Malaysia’s laws are mainly a combination of Commonwealth-based common law and codified law. Whilst Malaysia consists of 13 states and three federal territories, the federal constitution is the paramount law of the land and clearly demarcates the boundaries between federal and state power. As such, the respective states have the authority to legislate their own laws only in certain fields. Nevertheless, laws related to commerce operate almost uniformly across states. The only significant difference pertains to land law, where the East Malaysian states, Sabah and Sarawak, have wider autonomy than other states and have enacted separate land laws. The court structure consists of the superior courts, namely the Federal Court, Court of Appeal, High Court of Malaysia and the High Court in Sabah and Sarawak, and subordinate courts (sessions and magistrates).
Malaysia aims to set up an attractive and stable market in which businesses and investors can thrive, and new laws in the Financial Services Act 2013 (FSA) and the Islamic Financial Services Act 2013 (IFSA) were created towards this end. The FSA regulates financial institutions and provides oversight of the money and foreign exchange markets, while the IFSA provides for the supervision and regulation of Islamic financial institutions and the Islamic money market. Further, the Central Bank of Malaysia Act 2009 was amended in February 2013 to allow Central Bank intervention to avert financial risk and contribute to the resilience of the financial system.
The Limited Liability Partnership Act 2012 (LLPA) created a new entity through which business can be conducted and permits limited liability partnerships and such foreign partnerships to operate in Malaysia subject to regulation.
To protect consumers, the Personal Data Protection Act 2010 (PDPA) treads the delicate balance between privacy and the utilisation of personal data by another. While the PDPA was passed in 2010, it was only implemented on November 15, 2013. This law seeks to protect sensitive personal data of data subjects from being abused by those parties that process data. Under the PDPA, the express consent of data subjects must be obtained for data users to collect, record, hold, store or share data with third parties. Data users had until February 15, 2014 to register under the PDPA.
With an ageing population, the Minimum Retirement Age Act 2012, which came into force on the July 1, 2013, has standardised the minimum retirement age to 60. This is in consonance with the minimum retirement age of neighbouring ASEAN countries. It is expected that this would lead to a shift towards more experienced employees. Employers should consider reviewing their long-term workforce planning. With the amendments to the Legal Profession Act 1976 now in force, foreign law firms and foreign lawyers will now be permitted to practise in West Malaysia. However, the market will remain heavily regulated, with foreign firms allowed only in designated sectors.

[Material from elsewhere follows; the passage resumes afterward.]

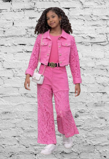 HIT SEZONU! Komplet Dziewczęcy Krótka Katana + Spodnie Wide Leg z Koronką

Reforms are anticipated with corporate regulation. A proposed Companies Bill and an Insolvency Bill are currently being studied to replace the existing laws. It is anticipated that the Companies Bill will simplify procedures and introduce stricter rules for accountability. The removal of red tape is an exciting prospect. Among the proposals are: easing of the incorporation processes, removing the mandatory requirement of having an annual general meeting (simplify decision-making), implementing corporate rescue mechanisms and enforcing mandatory audit requirements for the accounts of all firms. A stand-alone Interest Schemes Bill is also being mooted. Interest schemes are currently governed under the Companies Act 1965. This separation is specifically designed to regulate interest schemes, which are constantly expanding and evolving, and to provide more certainty on this alternative mode of fund raising.